Take the material below and extract the lines from the one with "An exciting science" through the one with "近日,智汇云舟在CMMI I", word for word, without pictures.

**DATA FOR THIS EXERCISE**

____________

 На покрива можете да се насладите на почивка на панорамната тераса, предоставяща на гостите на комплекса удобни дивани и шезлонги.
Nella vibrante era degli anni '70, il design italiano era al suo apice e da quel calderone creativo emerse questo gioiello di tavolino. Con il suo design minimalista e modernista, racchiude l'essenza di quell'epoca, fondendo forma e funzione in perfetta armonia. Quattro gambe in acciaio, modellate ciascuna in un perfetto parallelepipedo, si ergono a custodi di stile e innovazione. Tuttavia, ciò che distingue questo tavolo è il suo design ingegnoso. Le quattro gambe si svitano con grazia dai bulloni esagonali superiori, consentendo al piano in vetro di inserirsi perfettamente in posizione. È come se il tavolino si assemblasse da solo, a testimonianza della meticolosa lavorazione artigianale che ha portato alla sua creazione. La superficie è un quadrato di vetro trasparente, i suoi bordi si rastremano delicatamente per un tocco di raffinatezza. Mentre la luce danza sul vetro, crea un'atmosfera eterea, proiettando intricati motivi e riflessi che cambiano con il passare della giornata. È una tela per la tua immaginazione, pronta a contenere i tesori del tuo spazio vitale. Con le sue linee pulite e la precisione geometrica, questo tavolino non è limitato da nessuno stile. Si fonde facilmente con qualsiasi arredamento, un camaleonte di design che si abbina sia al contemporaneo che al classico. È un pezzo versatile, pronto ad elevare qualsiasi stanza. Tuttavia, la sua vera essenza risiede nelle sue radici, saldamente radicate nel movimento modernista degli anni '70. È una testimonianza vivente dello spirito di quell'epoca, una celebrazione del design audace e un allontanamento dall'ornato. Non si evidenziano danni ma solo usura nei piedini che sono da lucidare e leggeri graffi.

____________

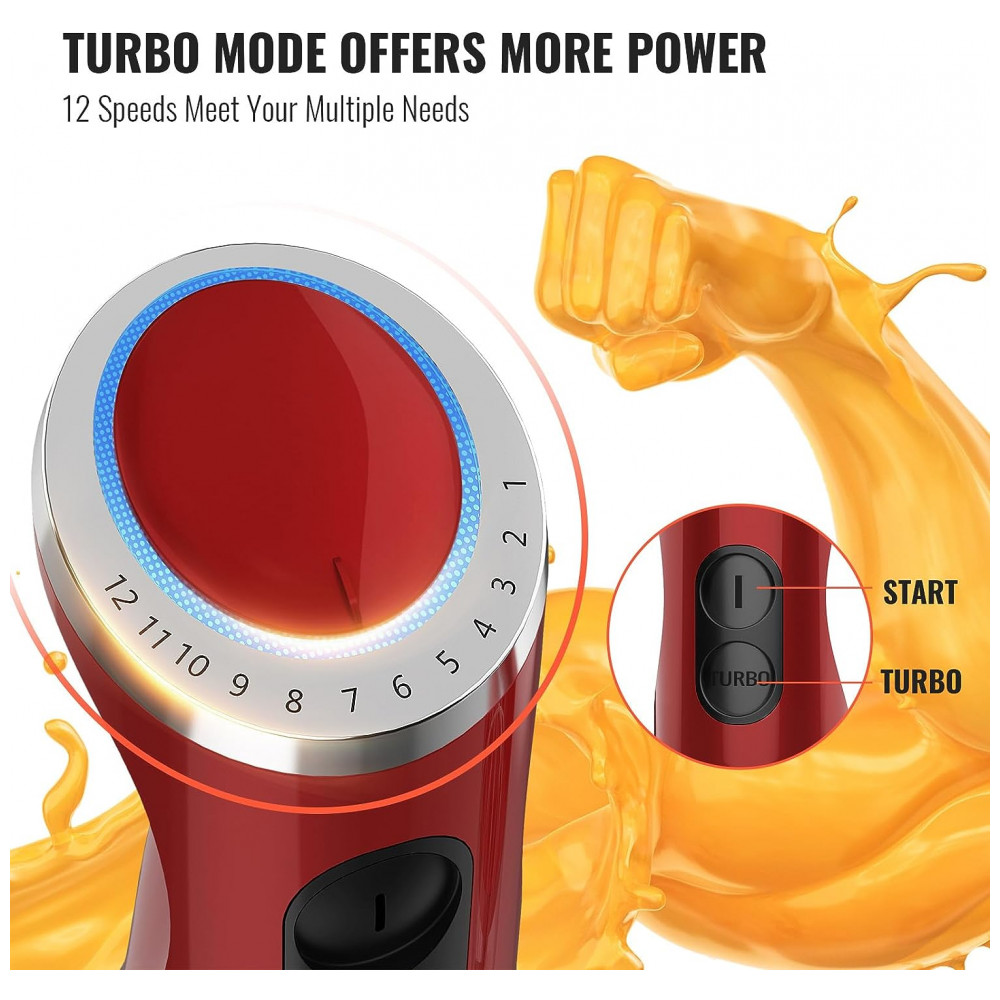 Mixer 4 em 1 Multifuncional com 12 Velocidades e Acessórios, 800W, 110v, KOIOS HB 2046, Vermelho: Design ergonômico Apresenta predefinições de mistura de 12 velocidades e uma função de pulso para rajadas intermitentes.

____________

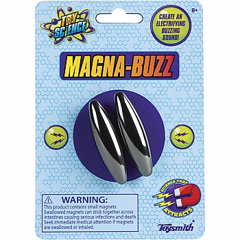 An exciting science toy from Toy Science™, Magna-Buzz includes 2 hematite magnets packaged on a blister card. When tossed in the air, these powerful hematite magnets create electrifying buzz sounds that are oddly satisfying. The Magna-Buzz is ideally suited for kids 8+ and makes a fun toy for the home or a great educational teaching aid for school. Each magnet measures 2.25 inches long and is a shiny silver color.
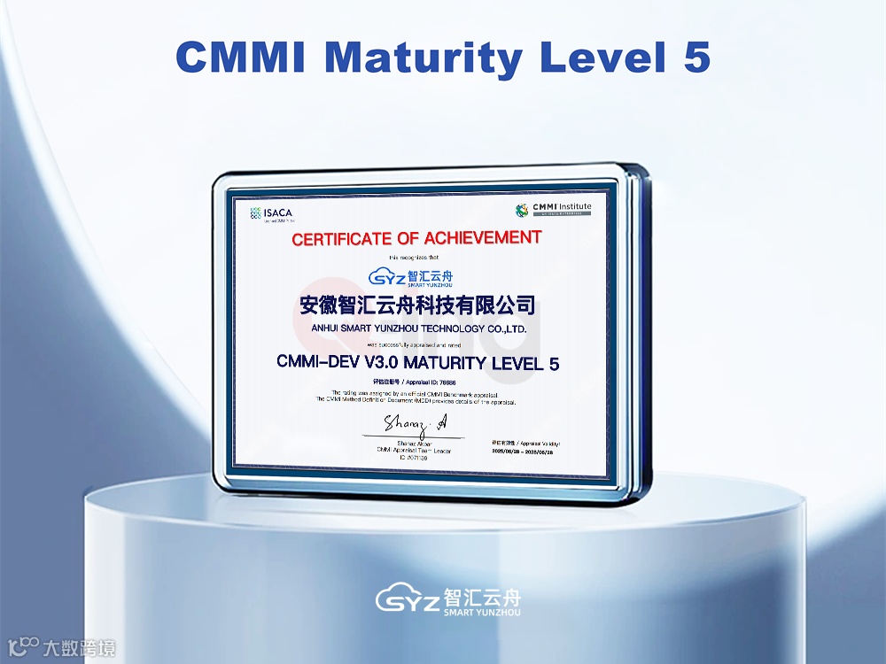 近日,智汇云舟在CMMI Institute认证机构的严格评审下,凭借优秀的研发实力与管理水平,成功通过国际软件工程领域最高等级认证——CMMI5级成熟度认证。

____________

**ANSWER**
 An exciting science toy from Toy Science™, Magna-Buzz includes 2 hematite magnets packaged on a blister card. When tossed in the air, these powerful hematite magnets create electrifying buzz sounds that are oddly satisfying. The Magna-Buzz is ideally suited for kids 8+ and makes a fun toy for the home or a great educational teaching aid for school. Each magnet measures 2.25 inches long and is a shiny silver color.
 近日,智汇云舟在CMMI Institute认证机构的严格评审下,凭借优秀的研发实力与管理水平,成功通过国际软件工程领域最高等级认证——CMMI5级成熟度认证。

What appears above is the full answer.